И с того времени, когда Верещагин вышел в гардемарины флота, уцелел его небольшой фотографический портрет, принадлежащий бывшему директору Морского кадетского корпуса А. П. Епанчину, снятый в 1860 году. Снимок с него приложен при первом выпуске. Вестника изящных искусств» за 1883 год.
В последние два года пребывания своего в корпусе Верещагин крепко занимался рисованием и стал ходить в 1858 году в Рисовальную школу, помещавшуюся тогда на Бирже. Ему было тогда 16 лет.
Эта школа, находившаяся в ведении Общества поощрения художников, была в то время чем-то вроде приготовительного заведения к Академии художеств, так как с уничтожением «оригинальных» классов в Академии не было уже в Петербурге никакого учебного заведения, где бы можно было проходить «гипсовые классы», раньше поступления в Академию. Наплыв учеников в Рисовальную школу был громаден.
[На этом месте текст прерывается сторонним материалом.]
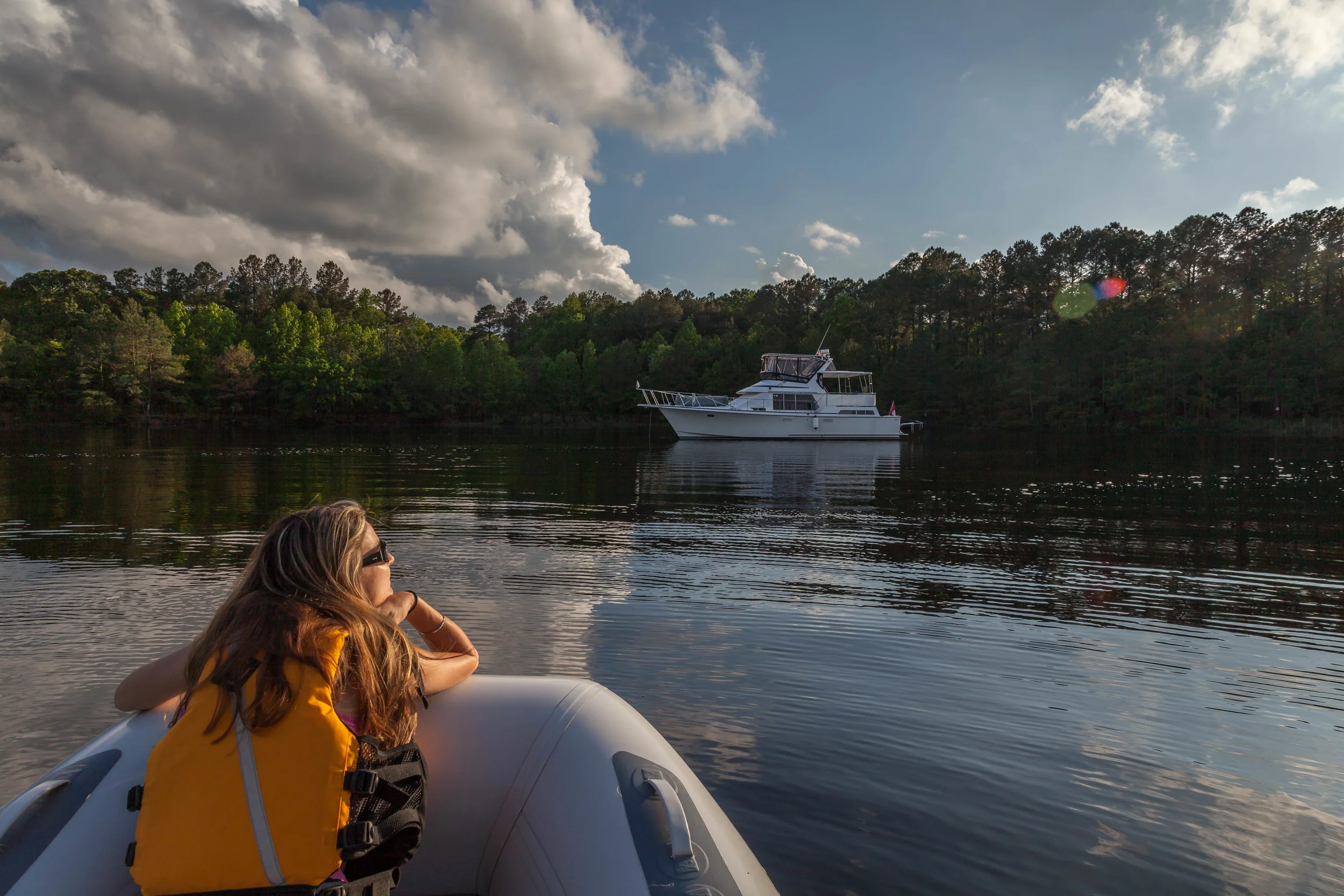 We continued on through the Swamp to the next lock - Deep Creek Lock which was also on a schedule of 3:30pm. As the day was longer than expected due to lock schedules, we decided to not proceed on to Hampton, VA and choose an Active Captain 5 star anchorage just below and around the corner from the Deep Creek lock. This was just a beautiful anchorage and we got to take our new dingy for ride.

Множество гимназистов, офицеров садилось в классах за рисованье наряду с мальчиками всевозможных других сословий.
«В 1858 году, — рассказывает мне Ф. Ф. Львов, тогдашний попечитель школы, — ко мне раз пришел кадетик Морского корпуса, очень миниатюрный, красивой наружности. Объявляя себя рисовальщиком, он сказал мне, что будет ходить в классы только по воскресеньям, но что надеется получить позволение ходить и в вечерние классы школы и на неделе. Кадетик этот был В. В. Верещагин. Симпатичная наружность кадетика сразу располагала к нему всех, а его успешные и даровитые занятия рисованием заставляли учителей обращать на него особенное внимание».
По правилам школы, всякий поступающий ученик, несмотря ни на какие уверения в умении хорошо рисовать, обязан был начинать с низшего класса и только по удостоверению учителя и директора в знании рисования мог быть переведен в высшие классы. Так было и с Верещагиным. Его посадили сначала с мальчиками, но сейчас перевели в «оригинальный класс», помимо «орнаментов». За первую же головку с оригинала все ужасно расхвалили его; учителя приходили глазеть на рисунок морского кадетика. Смотритель школы Гернер, чахоточный и добрый человек, повторял много раз: «Вспомните меня, этот Верещагин будет великим артистом!» Сейчас же после того дали ему рисовать фигуры — и он сразу получил 1-й нумер.
Попечитель школы Ф. Ф. Львов с известным профессором Моллером пришли однажды смотреть рисование Верещагина. Моллер заговорил: «Er macht das aber sehr nett», а Львов сказал: «Да, но ведь вы потом бросите, как будете офицером?» — «Напротив, — отвечал Верещагин, — я хочу быть художником». — «А коли так, то посадите его сейчас на „гипсы“. И посадили.
Любопытна еще одна подробность из тогдашних годов Верещагина.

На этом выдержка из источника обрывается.